The paper is based on the following idea: if a string of words appears multiple times in the corpus but with different annotations, the longer the string of words, the more likely it's an error. I'll say this again because it's the main point: (long) repeated stretches of words have no reason to have different parts of speech. That would mean we might encounter a sentence like the following:
John is currently spending thirty/noun days in the hole .And 3000 sentences later, we find (because it just happens to be the catchphrase of the day in my hypothetical world where Humble Pie songs are constantly alluded to -- real examples to follow):
John is currently spending thirty/adjective days in the hole .Even if I can't decide if thirty is a noun or an adjective, I know there's no reason it should differ between these two sentences. You may not think it's a brilliant idea, but no one else has done it that we could find. Plus, it seems to work. So, that's nice.
So, for example, shares really could be a noun or a verb, but if it appears inside the same 134 words which appear twice in the corpus -- once as a verb, once as a noun -- then it is likely that one of these is wrong. Or to take a real example, sold could be a past tense verb (VBD) or a past participle (VBN) (i.e. the difference between John sold/VBD his house. and John has sold/VBN his house.) But when it appears as the 84th word in a stretch of 103 words that appears 3 times in the corpus, it's definitely one or the other.

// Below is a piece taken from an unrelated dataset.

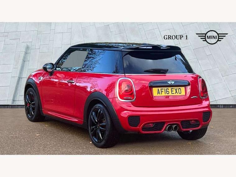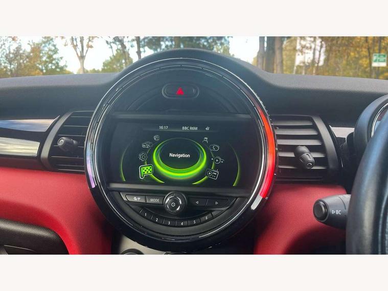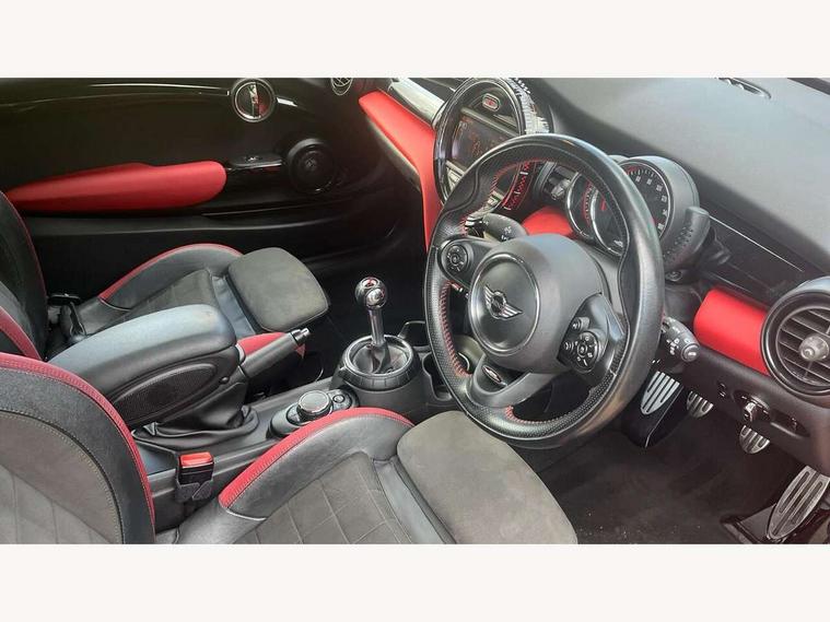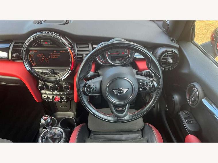 Acoustic seat-belt warning, Brake fluid level warning light, Brake pad wear indicator warning light, DTC - Dynamic traction control, Exterior temperature gauge, Intelligent emergency call, MINI Driving Modes - centre toggle switch to control driving setting (sport, mid and green), MINI TeleServices, Oil level indicator, On board computer, Push button starter, Service interval indicator, Servotronic PAS, Electronic differential lock, Performance Control, Auxiliary input socket, DAB digital radio module, 2 speed wipers+intermittent wipe, Anti dazzle mirror, Anti trapping/one touch open close front windows, Body colour scoop integrated into engine- compartment lid, Body coloured bumpers, Chili red grille bar, Chrome bezels around rear lights and headlights, Chrome door handles, Chrome plated fuel cap, Chrome plated trim on bottom edge of window, Chrome strip on lower grille, Electric front windows, Electrically adjustable door mirrors, Extended wheel arches, Follow me home headlights, Green tinted heat insulating glass, Heated door mirrors/heated windscreen washers, Heated rear window with auto timer, High gloss black tailgate, Honeycomb radiator grille, John Cooper Works roof spoiler, Metal look door sill finishers, Rear apron, Rear wiper, Side scuttles, Twin chromed exhaust pipes, White indicator lights, 2 rear head restraints, 4 boot load lashing points, 6 way manually adjustable passenger seat, 6-way manually adjustable driver's seat, Active carbon filter, Air recirculation system, Anthracite headlining, Auxiliary socket in centre console storage compartment, Centre console storage, Driver's seat height adjuster, Driver/passenger sunvisors, Easy entry seats, Front and rear cupholders, Front head restraints, Front interior light, Front passenger grab handle, Front seat backrest storage nets, Front sports seats, Gear/selector and handbrake in artificial leather, Internal chrome door handles, Isofix child seat preparation, Luggage compartment lighting, Multifunction steering wheel, Passenger seat height adjuster, Reach + rake adjustable steering column, Rear grab handles, Rear storage trays, Split folding rear seats, Storage compartments in doors, Toolkit in luggage compartment, Vanity mirrors, 3 point seatbelts, ABS/EBD, ASC+T, Brake calipers in red, Cornering brake control (CBC), Crash Sensor - activates hazard/interior lighting + unlocks doors, Driver and passenger airbags, Driver/front passenger side airbags, DSC - Dynamic Stability Control, Fuel cut off safety device, Head airbags, Hill start assist, Passenger airbag deactivation system, Seatbelt pretensioners, Tyre pressure warning, Ventilated front disc brakes, Drive away door locking, Locking wheel bolts, Remote central locking/doors+fuel cap+tailgate, Second remote key, Thatcham category 1 alarm + immobiliser,

Results of the Monday , October 30 , 1989 , auction of short-term U.S. government bills , sold at a discount from face value in units of $ 10,000 to $ 1 million
Whatever the right tag is (past participle (VBN) in this case), there's no reason we would tag it one way one time and another way another time.
As you can also see, this corpus is quite fascinating! (It's old Wall Street Journal text from the late 1980s/early 1990s.)
And that's basically it. Well, there's a lot more to it, but that's the basic insight. Here's a shorter real example. The following stretch of 10 words appears 32 times in the corpus:
. In New York Stock Exchange composite trading yesterday ,
Out of these 32 times, the word composite appears 24 times as an adjective and 8 times as a noun. I don't remember which one is correct, but it's clear that one of them is wrong. (I think adjective is right.) That is, there's no reason to think composite is a noun sometimes in composite trading and sometimes an adjective.
The longest such stretch is 224 words (it appears twice in the corpus), and it has 10 different errors in it -- that was kind of surprising, but I guess newspapers can be repetitive.
I think we also have a cool way to calculate these long stretches, but I think the paper is rather clear on that point. And by now you've graduated to linguistics research paper level.
So, now when someone asks, "What was Markus' paper about?", you can say, "I don't know, something about words." But I did what I could.